[spambayes-dev] Evaluating a training corpus

Thu Jun 12 21:56:18 EDT 2003

[me, last Sunday]
> I'm mulling ways to evaluate the quality of a training corpus, and was
> wondering what the rest of you have tried.

[Tim's response]
> What is the purpose of testing for you?  A useful answer will contain at
> least one number <wink>.

Primary purpose is to find misclassified messages.  Secondary purpose is
to give me a warm fuzzy feeling that Spambayes is #1 (ie. correctly
classifies mail that it has not been trained on).  (There, I got a
number in.)

> timcv does that 10 times (or N times, for whatever N you choose), training
> on (N-1)/N of the messages and scoring the remaining 1/N of them.
[...]
> That's what timcv does if you set N equal to the number of messages (M) in
> the database.  In outline:

Hmmm, OK.  I guess I could use timcv.py then, but rearranging my 18
corpora into 10 directories each would is a bit inconvenient.  So I
tried an end-run around timcv.py by modifying my scoring script to
untrain, score, and retrain.  Here's a simplified version:

"""
import sys 
from spambayes import hammie 
from spambayes import tokenizer 

def score(tokens, label): 
    (prob, clues) = bayes.spamprob(tokens, True) 
    high_clues = ["%s:%.3f" % clue for clue in clues[-5:]] 
    high_clues = ", ".join(high_clues) 
    print "%s: %.3f: %s" % (label, prob, high_clues) 

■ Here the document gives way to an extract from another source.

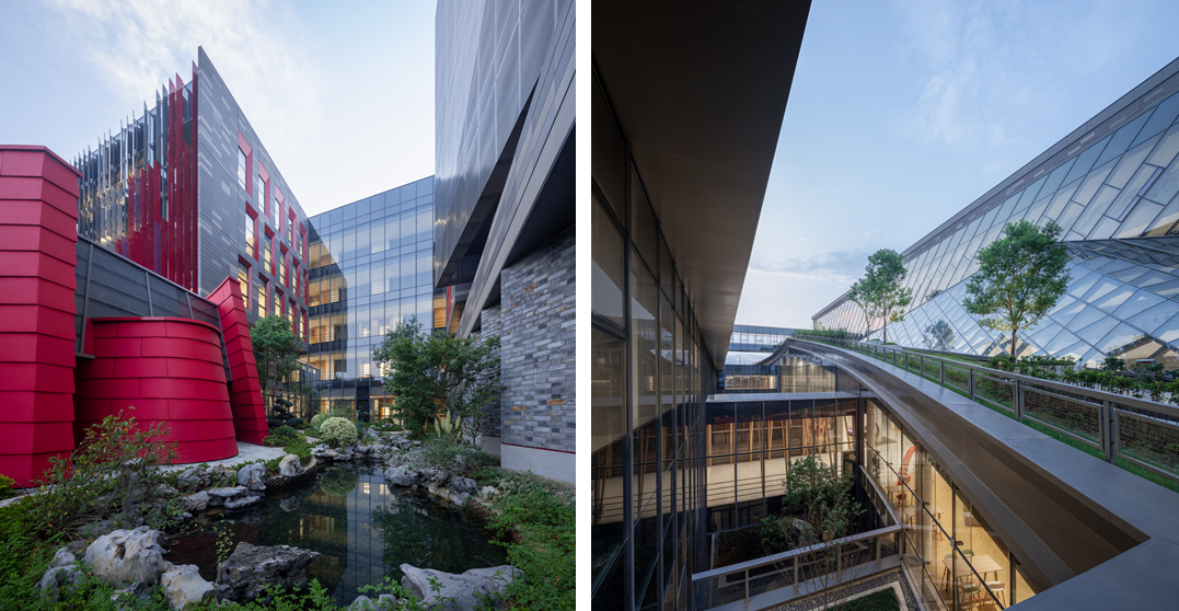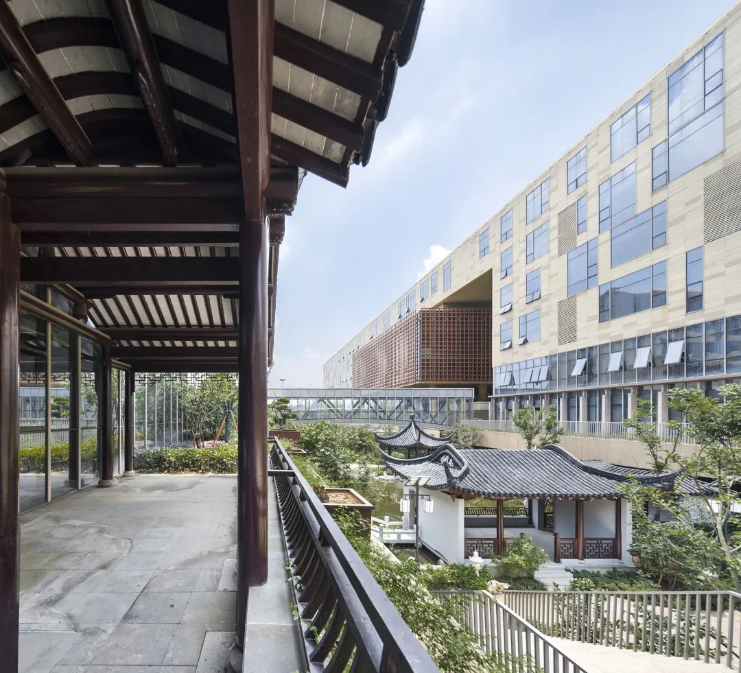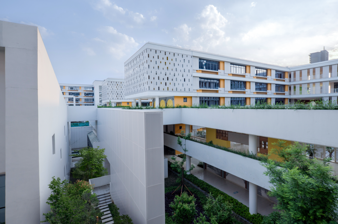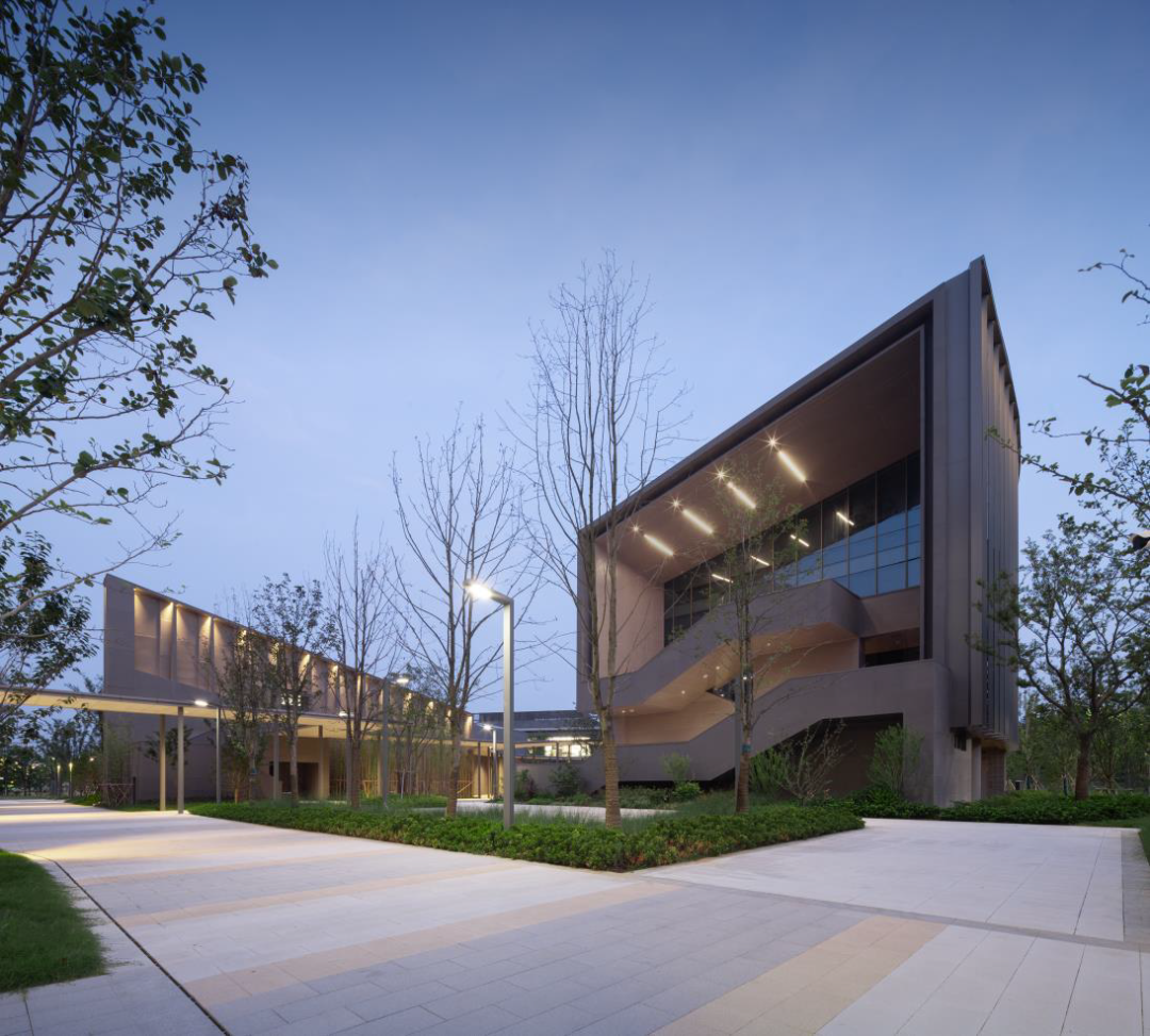 教学行政综合体设计着重于建筑与自然的互动,基于总体规划通过空间布局设置了七座院落,实现内外空间的和谐。内部集成服务、交流、学习功能,优化教学空间流线;外部则形成了一至三层屋顶花园和半山绿坡,引入自然光和绿植,创造宜人的教学环境。

(db_filename, msg_filename) = sys.argv[1:] 
hammie = hammie.open(db_filename, mode="w") 
bayes = hammie.bayes 

# Read and tokenize message (which must be spam) 
message = open(msg_filename).read() 
tokens = list(tokenizer.tokenize(message)) 

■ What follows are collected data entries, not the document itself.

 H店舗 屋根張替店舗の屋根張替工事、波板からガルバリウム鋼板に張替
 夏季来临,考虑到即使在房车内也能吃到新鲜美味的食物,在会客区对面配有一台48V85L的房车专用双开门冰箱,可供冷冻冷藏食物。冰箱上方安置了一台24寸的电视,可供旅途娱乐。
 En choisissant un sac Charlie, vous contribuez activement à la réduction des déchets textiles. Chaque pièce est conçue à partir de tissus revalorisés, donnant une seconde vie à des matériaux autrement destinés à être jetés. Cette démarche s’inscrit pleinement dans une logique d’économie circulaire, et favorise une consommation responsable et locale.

# Score with that message (presumably) in the database. 
score(tokens, "initial") 

# Untrain (ie. remove this message from the database) and score again 
# (this is where we assume the message is spam). 
bayes.unlearn(tokens, True) 
score(tokens, "unlearn") 

# Retrain and score one last time.  Should give identical results 
# to the initial scoring... but doesn't! 
bayes.learn(tokens, True) 
score(tokens, "relearn") 
"""

...does that look correct?  It seems to work with a pickle store, but
I'm getting weird results with a DB store.  I think that's another issue
though -- see my next post...

        Greg
-- 
Greg Ward <gward at python.net>                         http://www.gerg.ca/
Jesus Saves -- and you can too, by redeeming these valuable coupons!